Arts and Architecture

Design and computation theorist to discuss his book on shape grammars

George Stiny Credit: Provided. All Rights Reserved.

UNIVERSITY PARK, Pa. — The Stuckeman School in the College of Arts and Architecture at Penn State will host a lecture by design and computation theorist George Stiny, “Shapes of Imagination,” on March 18 at 4 p.m. in the Stuckeman Jury Space.

The lecture will be based on Stiny’s book, “Shapes of Imagination: Calculating in Coleridge’s Magical Realm” (Massachusetts Institute of Technology, 2022), where he explores intersections of visual calculating and shape grammars with design and art. Introduced by Stiny and James Gips, shape grammars are a class of production systems used to generate computational geometric shapes.

Stiny’s work shows design as not only functional problem-solving but as a cultural and philosophical idea for human experiences. He calculates in an embedded-fuse cycle, a system that is developed using embedded hardware and software to go through the process of analysis, design and implementation, which makes computers a special series of shape grammars for design. These systems are scalable, reliable and fast in performance.

In his lecture, Stiny will illustrate how imagination and shape grammars are at the center of art and architecture.

“I go from Alberti to Siza and from AI and parametric design to the magic of shape grammars,” Stiny said. “The goal is pure delight.”

Stiny is a professor in the Department of Architecture at the Massachusetts Institute of Technology, after 15 years of teaching at the University of California Los Angeles (UCLA).
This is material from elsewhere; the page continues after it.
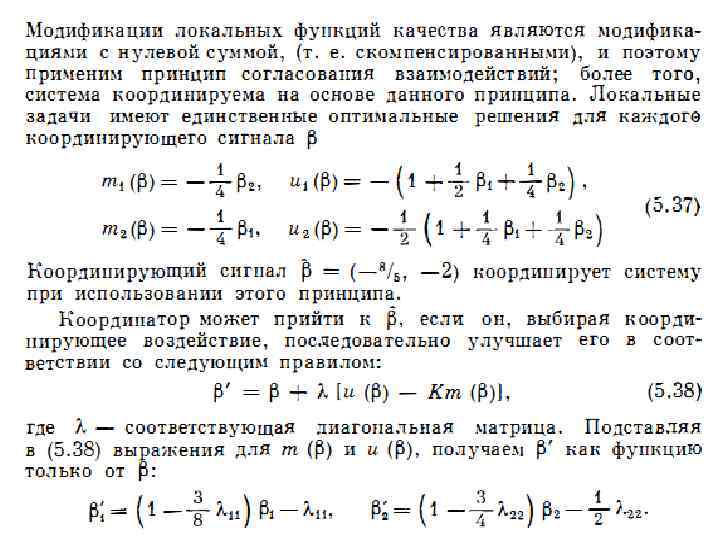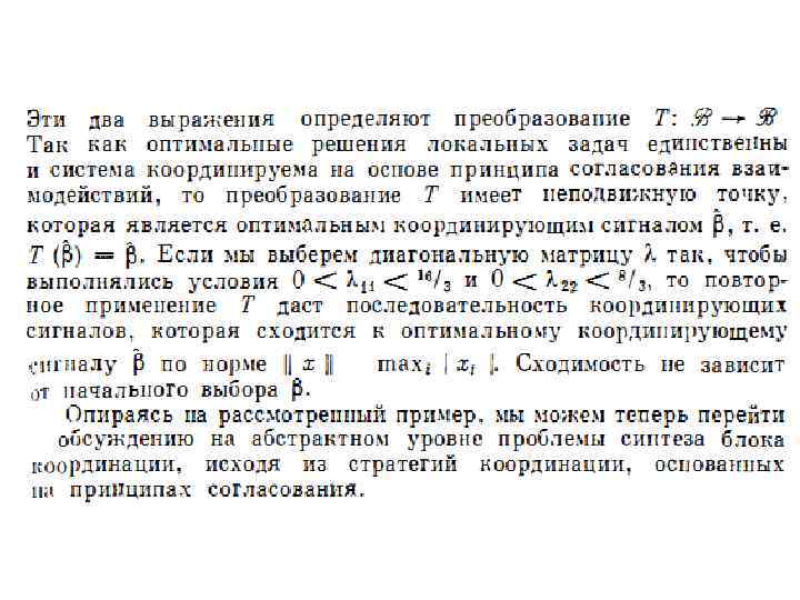 КООРДИНИРУЕМОСТЬ ПРИ ИСПОЛЬЗОВАНИИ ПРИНЦИПА СОГЛАСОВАНИЯ Теорема 5. 15 Предположим, что для каждого координирующего сигнала β в рассматриваемой двухуровневой системе и любого i, 1 ≤ I ≤ n, имеет место всякий раз, когда существует его правая часть. Тогда наличие в системе сежуровневой согласованности как необходимо, так и достаточно для применимости принципа согласования взаимодействий. Теорема 5. 16 Для того, чтобы система была координируемой при использовании этого принципа, она должна обладать локальной согласованностью. Теорема 5. 17 Предположим, что удовлетворяются условия теоремы 5. 15. Тогда наличие в системе локальной согласованности будет как необходимым, так и достаточным условием для координируемости на основе принципа согласования взаимодействий.

Stiny has also taught at the University of Sydney, the Royal College of Art (London) and the Open University.

He holds a doctorate in engineering from UCLA. Stiny is a member of the editorial boards of Planning and Design: Environment and Planning B and Languages of Design.

Stiny has written several other books, including “Pictorial and Formal Aspects of Shape and Shape Grammars (Birkhäuser, 1975); “Shape: Talking about Seeing and Doing (MIT, 2006); and with Gips, “Algorithmic Aesthetics: Computer Models for Criticism and Design in the Arts (University of California, 1978).